Ya,thanks.I think I've got it handled.I got my Confirmation number,now the wait begins.


----------



## mickkell (Dec 27, 2008)

Chewbacca said:


> Thanks for the heads up. I just ordered three of the spiders and a couple other things. Hell, the mechanism in the spiders is worth six bucks.


Right there with ya,I hope I can Canniblize these to repair my broken(not Spiders) ones.If I can I'll still have the spiders.


----------



## Blarghity (Sep 2, 2012)

mickkell said:


> Right there with ya,I hope I can Canniblize these to repair my broken ones.If I can I'll still have the spiders.


Why cannibalize working ones to repair broken ones? I could see taking a good one apart so you have working parts to fabricate copies of, but using good ones as spare parts for bad ones seems like a waste of effort. Do your broken ones have better spiders on them or something?


----------



## Screaming Demons (Sep 15, 2008)

Blarghity said:


> I set my zip code to 85351, which is what Google is spitting out for Peoria, AZ, and I'm told store pickup is available at the Sears in Glendale, AZ in 7 to 9 days.
> 
> By default, the Kmart website sets your zip code as 00000 (which doesn't actually exist), even if you are a registered user of the site.


But you're in New Jersey right? So how are you going to get them?


----------



## Blarghity (Sep 2, 2012)

Screaming Demons said:


> But you're in New Jersey right? So how are you going to get them?

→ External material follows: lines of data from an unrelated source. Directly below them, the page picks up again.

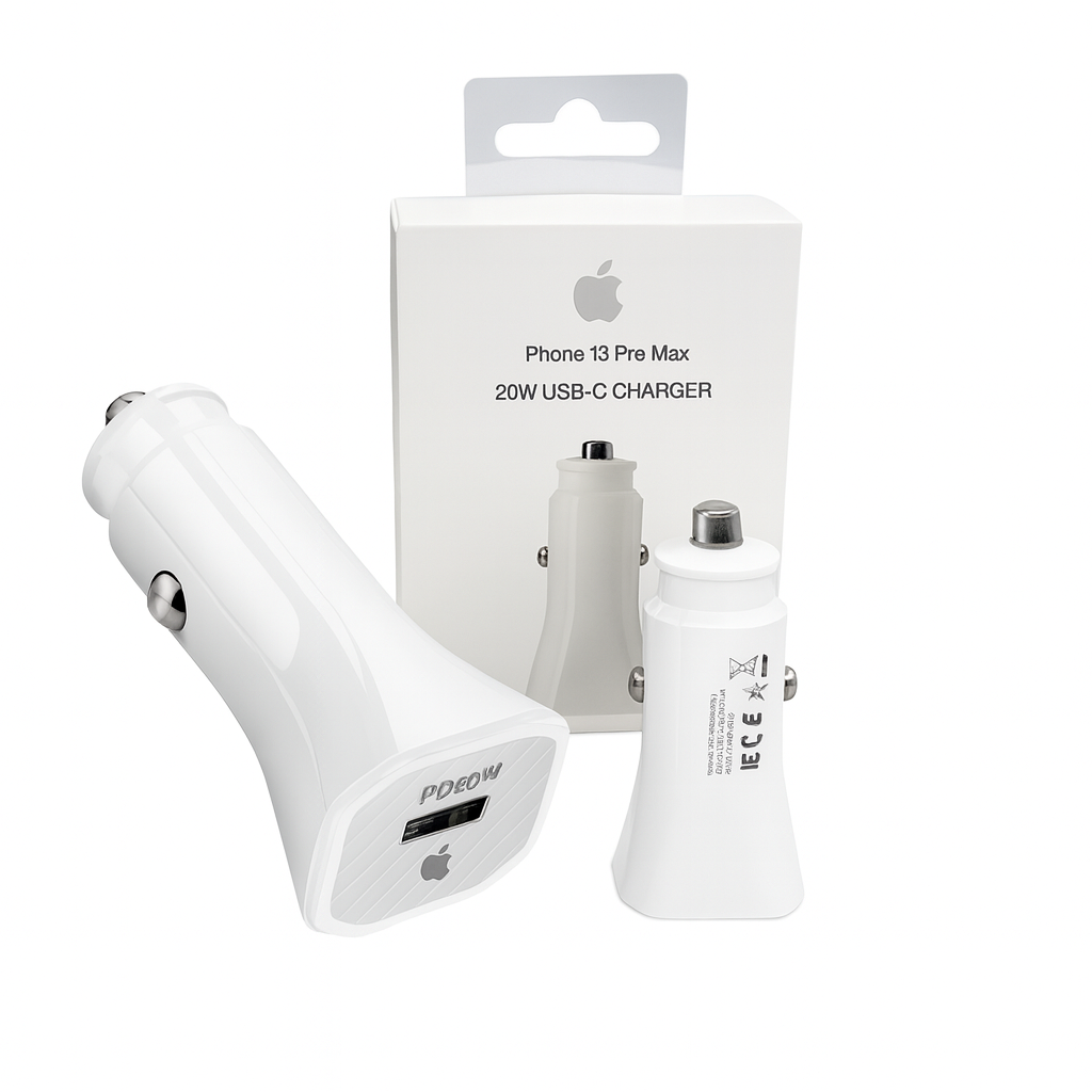 Chargeur Voiture iPhone USB-C 20W (High Copy) pour iPhone 13, 14, 15, 16, 17. Recharge rapide, bonne qualité, compatible Android & iPad. Livraison partout au Maroc.
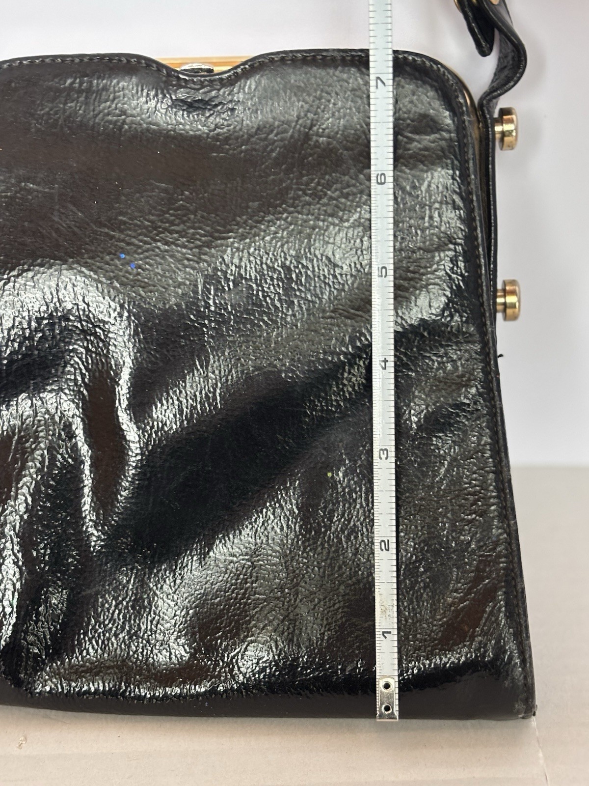 как выглядит Vtg Triangle New York 50-60s Purse Handbag Black Leather фото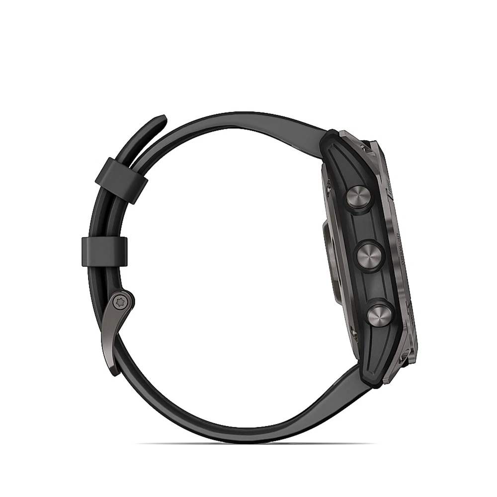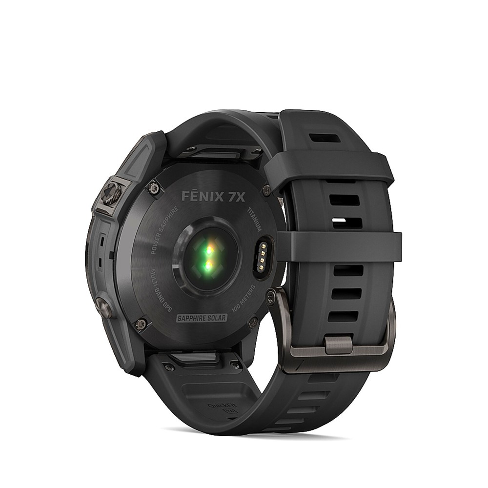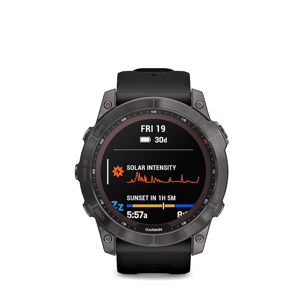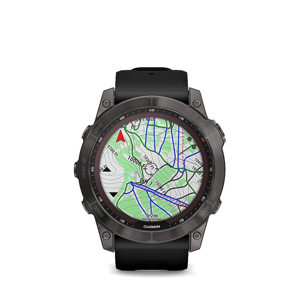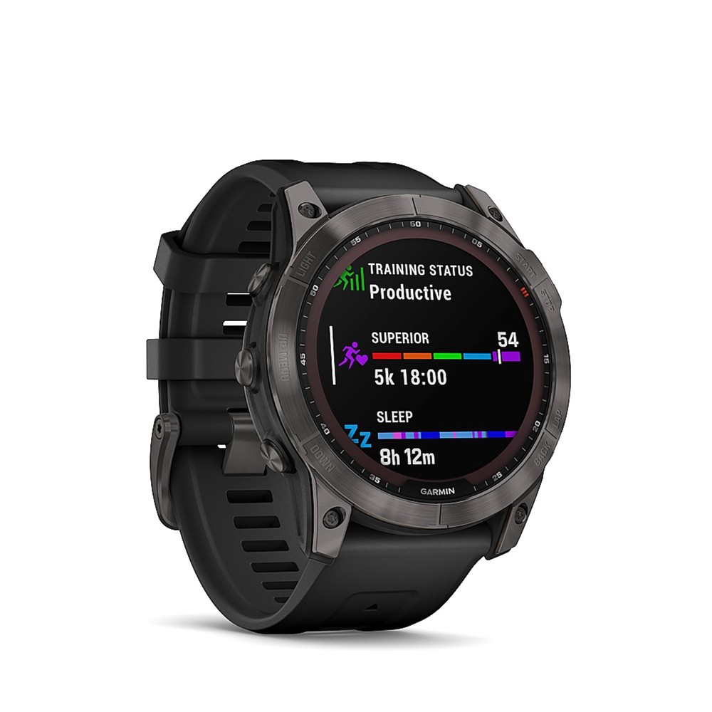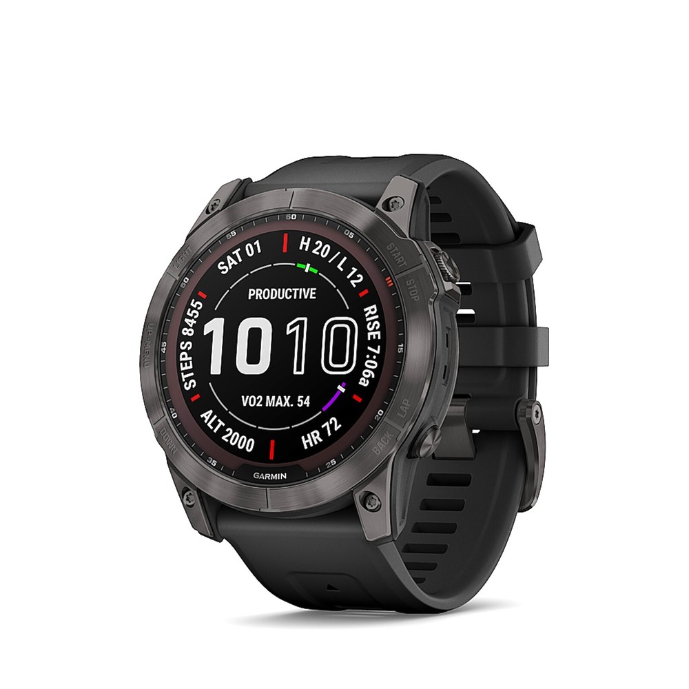 Garmin Fēnix 7X Sapphire Solar GPS Smartwatch Fiber reinforced polymer Carbon Gray There are 7 days in a week. And the fēnix 7X Sapphire Solar multisport GPS watch is built to go strong for all of them. Featuring a big 1.4” display, built-in LED flashlight and Power Sapphire solar charging lens, it has the long-lasting battery life to sustain your athletic and outdoor challenges. Use trusted button controls or the new touchscreen interface to access selections. Gain performance insights and metrics that help you manage your exertion and build stamina. Optimize recovery with 24/7 health and wellness monitoring of heart rate, respiration, stress, sleep and more this device is intended to give an estimation of your activity and metrics; it is not a medical device). Outdoor navigation sensors and new multi-band GNSS technology help guide you with a higher level of positioning accuracy, even in challenging environments. Plus, you’ll have preloaded TopoActive maps and worldwide ski and golf maps right on your wrist. To complement your tamer days, connected features include smart notifications when connected to a compatible smartphone, music storage and Garmin Pay contactless payments in supported countries and payment networks Features Performance by design Long-running solar powered multisport GPS watch with scratch-resistant Power Sapphire lens and always-on 1.4” display uses the sun’s energy to extend battery life; a built-in LED flashlight keeps you going after dark Battery Up to 28 days of battery life while indoors or up to 37 days when solar charging (assuming all-day wear with 3 hours per day outside in 50,000 lux condition) in smartwatch mode; in GPS mode, up to 89 hours indoors or up to 122 hours when solar charging (assuming use in 50,000 lux conditions) Touchscreen and buttons Trusted button controls that work in any environment are matched with a highly responsive touchscreen interface for quick, convenient access to selections Health montioring activity Get 24/7 health and wellness monitoring with wrist-based heart rate, Pulse Ox (not available in all countries), stress and enhanced sleep tracking (this device is intended to give an estimation of your activity and metrics; it is not a medical device). Multi-bane GNSS support and ABC sensors Navigate the outdoors with built-in sensors for the 3-axis compass, gyroscope and barometric altimeter; supports multi-GNSS satellite systems (GPS, GLONASS and Galileo) Mulicontinent topo maps Find freedom and adventure with preloaded TopoActive maps — plus maps for thousands of golf courses and ski resorts worldwide. Built-in Wi-Fi connectivity lets you download maps for any continent at any time — without using a computer Smart notifications Enjoy everyday lifestyle connectivity features, including smart notifications when connected to a compatible smartphone, music storage and our Garmin Pay contactless payment solution in supported countries and payment networks Screen Size 36 millimeters Touch Screen Yes Operating System Compatibility Android, Apple iOS Operating System Garmin App Compatible Yes Global Positioning GPS, GLONASS, Galileo Metrics Measured Activity vs. inactivity, Altitude changes, Blood oxygen, Breathing patterns, Cadence, Calories burned, Cycling speed, Distance swam, Distance traveled, Duration of exercise, Heart rate, Hours slept, Laps swam, Pace, Sleep quality, Speed, Stairs climbed, Steps taken, Temperature Water Resistant Yes Maximum Depth of Water Resistance 328 feet Band Material Silicone Series fenix 7X General Product Name fēnix 7X Sapphire Solar GPS Smartwatch 51 mm Fiber-reinforced polymer Brand Garmin Product Type Smartwatch Form Factor Wristwatch Model Family Garmin fenix 7X Model Number 010-02541-10 Series fenix 7X Color Carbon Gray DLC Titanium Color Category Gray Design Case Size 51mm Case Shape Circular Band Color Black Display Display Screen Yes Screen Size 36 millimeters Touch Screen Yes Screen Resolution 280 x 280 Display Type MIP LCD Color Display Yes Clock Display Yes Backlit Display Yes Adjustable Brightness Yes Customizable Watch Faces Yes Screen Material Power Sapphire Compatibility Operating System Compatibility Android, Apple iOS Operating System Garmin App Compatible Yes Connectivity Data Plan Required No Internal Carrier Not Applicable Bluetooth Enabled Yes NFC Technology Yes Wi-Fi Compatibility Wireless N Features Global Positioning GPS, GLONASS, Galileo Mobile Notifications Yes Alert Type Audible, Vibration, Visual Mobile Payment Service Supported Garmin Pay Music Player Yes Vibration Alert Yes Activity Metrics Measured Activity vs. inactivity, Altitude changes, Blood oxygen, Breathing patterns, Cadence, Calories burned, Cycling speed, Distance swam, Distance traveled, Duration of exercise, Heart rate, Hours slept, Laps swam, Pace, Sleep quality, Speed, Stairs climbed, Steps taken, Temperature Multi-Sport Tracking Yes Sensors Accelerometer, Altimeter, Barometer, Compass, Gyro sensor, Heart rate sensor, Pulse oximeter (Sp02) sensor, Temperature sensor Medical Incident Notification Contact text, Email Medical Incidents Detected Fall Performance Water Resistant Yes Maximum Depth of Water Resistance 328 feet Power Rechargeable Yes Battery Strength Indicator Yes Charging Interface(s) USB, Solar Material Band Material Silicone Case Material Polymer Dimension Maximum Wrist Size 8.2 inches Band Size Adjustable Product Height 2 inches Product Width 2 inches Product Depth 0.58 inches Product Weight 3.13 ounces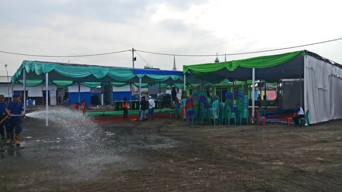 Petugas juga telah mendirikan tiga buah tenda.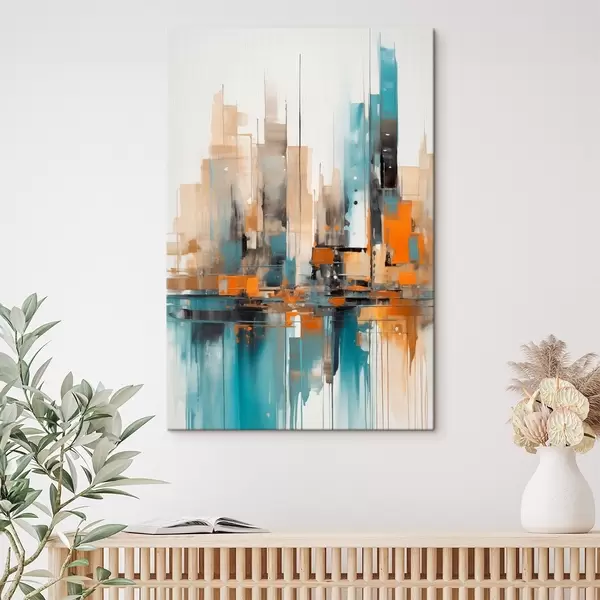 Obraz Abstraktní městská krajina s oranžovými, tyrkysovými a hnědými vertikálními tahy štětcem a geometrickými tvary Č. s46266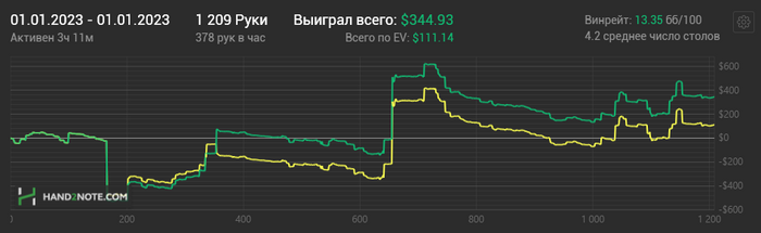 На нл500 оппы уже крутые с одной стороны, а с другой всё равно почти все играют дефолт страту с минимальными отклонениями. Я всё жду, когда пойдут звери-блаферы, которые за каждый спот убить готовы, но пока все топ реги, которых я вижу, играют довольно сдержанно. Что называется "без хуйни" (это очень круто в покере, на самом деле, не делать хуйни за столами)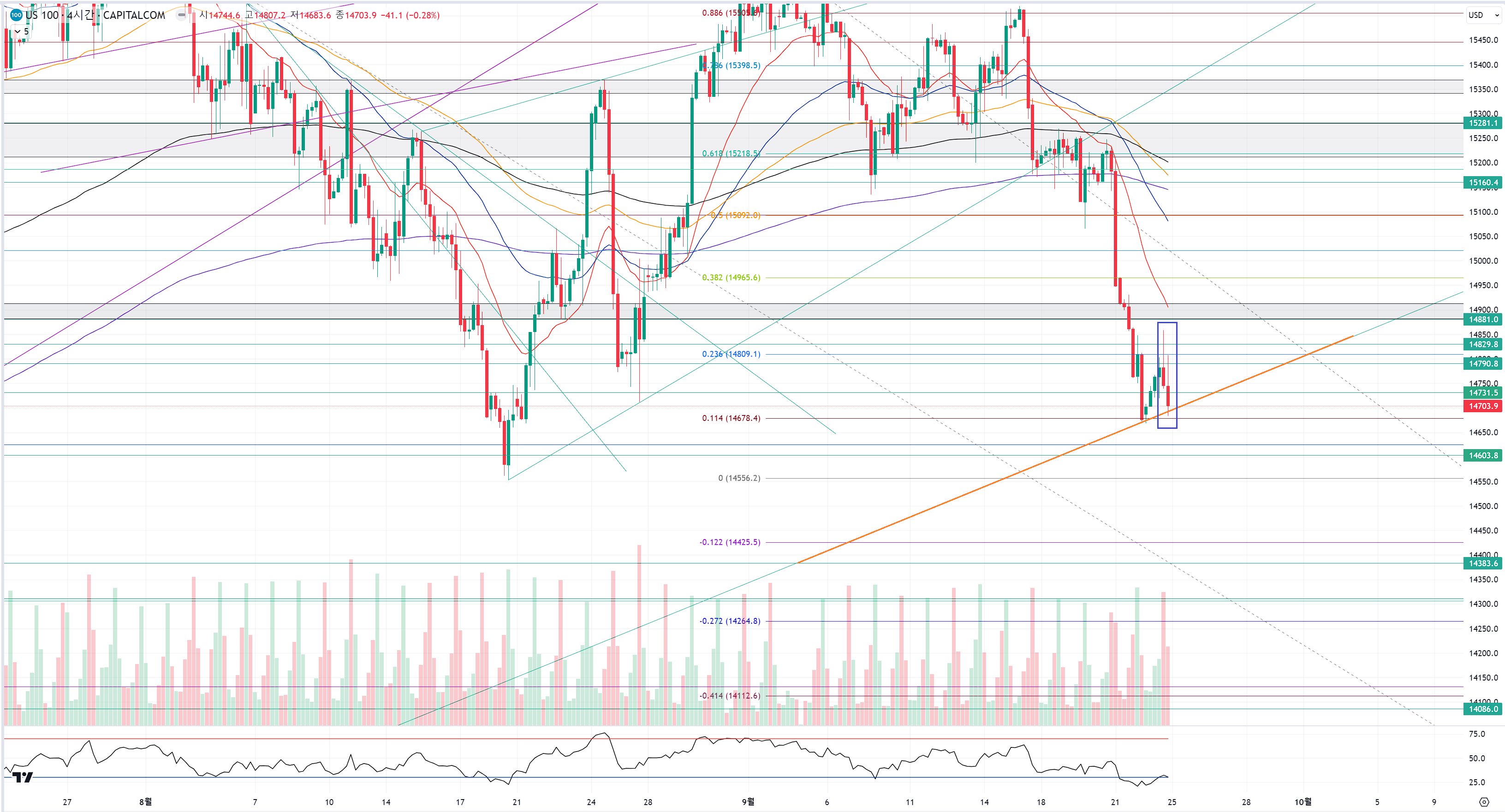 또 다른 불안 요소는 나스닥이 중요 지점에서 반등할 수 있는 위치이기 때문입니다.
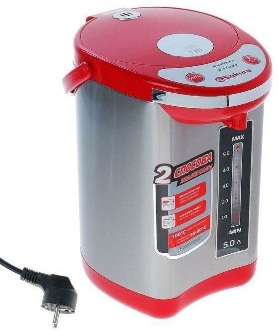 Термопот SAKURA SA-336RS 5 л, 750 Вт, металл/красный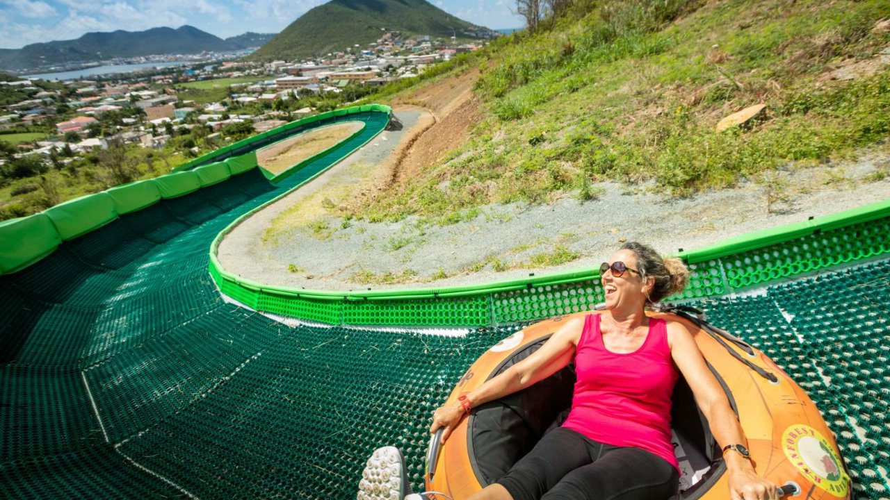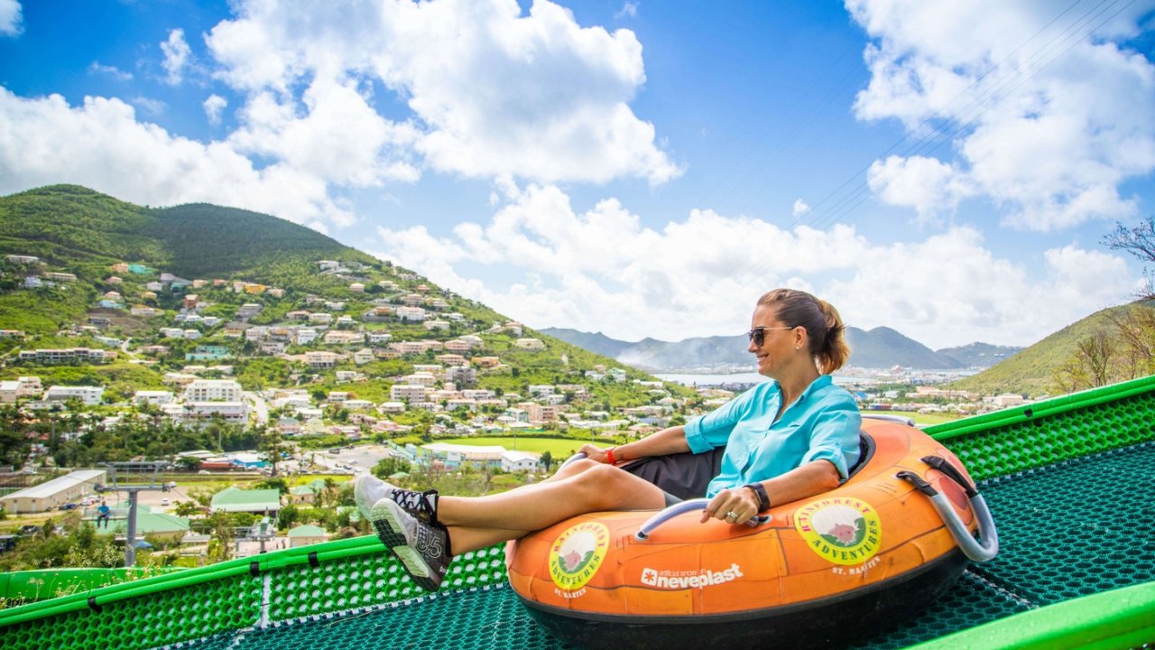A top-to-bottom tour with two exciting experiences in one excursion. Take in the amazingviews as you glide to the top of one of St. Maarten’s highest mountains on the Sky Explorer. Then hop back on the Sky Explorer to the Schooner Ride where you’ll surf downthe mountain in an inner tube.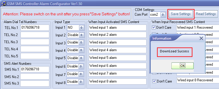 12. Make changes then “Save Settings”. If save is successful, then it will show “Download Success”. For more information about the settings, please refer to page 9 of the user manual, “SMS Controller S130~S150 user manual v. 3.0.pdf”.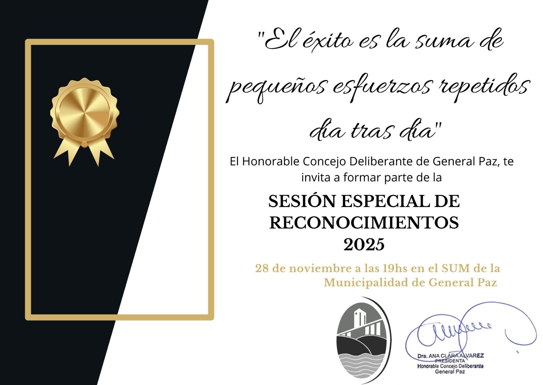 ARTÍCULO 1°: Convócase a las señoras y señores Concejales a Sesión Especial de Reconocimientos para el día VIERNES 28 de noviembre a las 19:00 Hs. a realizarse en el Salón de Usos Múltiples de la Municipalidad de General Paz, a fin de entregar los reconocimientos aprobados por este Honorable Concejo durante el corriente año.————————————————————–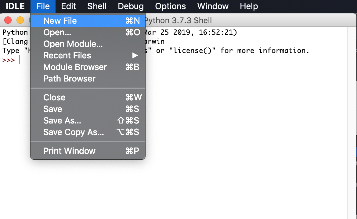응용프로그램 > Python 3.7 > IDLE.app 을 실행합니다.
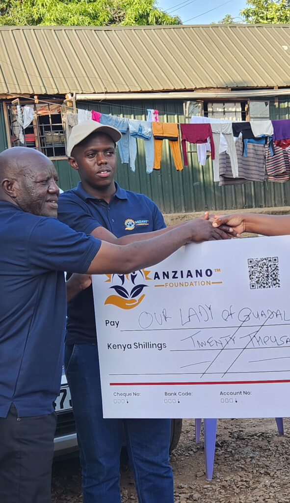 As the day’s activities drew to an end, we shared a delicious cake to symbolize the great time we spent together with the kids. Laughter and joy filled the space as the pieces of cakes were being passed around, each bite adding to the warm and festive atmosphere. At that moment the foundation presented its donations which included dry foods, personal care items, stationeries, clothes and other essentials. In addition, a cheque of Ksh 20,000 was handed over to support the children’s back-to-school shopping in January 2025.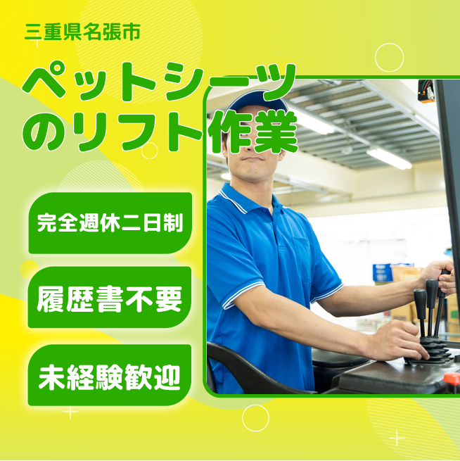給与詳細 月収例 261,300円 日給例 10,720円 勤務地 三重県名張市 仕事内容 ペットシーツ製造会社でのお仕事です。カウンターリフトのお仕事をお任せします。★資格を活かして働きませんか?★

heh. That's easy. I'll just read a couple old Mack Bolan novels and go hijack the truck carrying my spiders.


----------



## Screaming Demons (Sep 15, 2008)

I was just wondering if there was another trick or step past that. I never could get them to add to my cart for shipping or ship to store so I guess they were all gone.


----------



## mickkell (Dec 27, 2008)

Blarghity said:


> Why cannibalize working ones to repair broken ones? I could see taking a good one apart so you have working parts to fabricate copies of, but using good ones as spare parts for bad ones seems like a waste of effort. Do your broken ones have better spiders on them or something?


I think I can fix my Lurching Vampire with these,way better than a small Jumping Spider.My pop up Zombie is broken too,thanks Tekky.


----------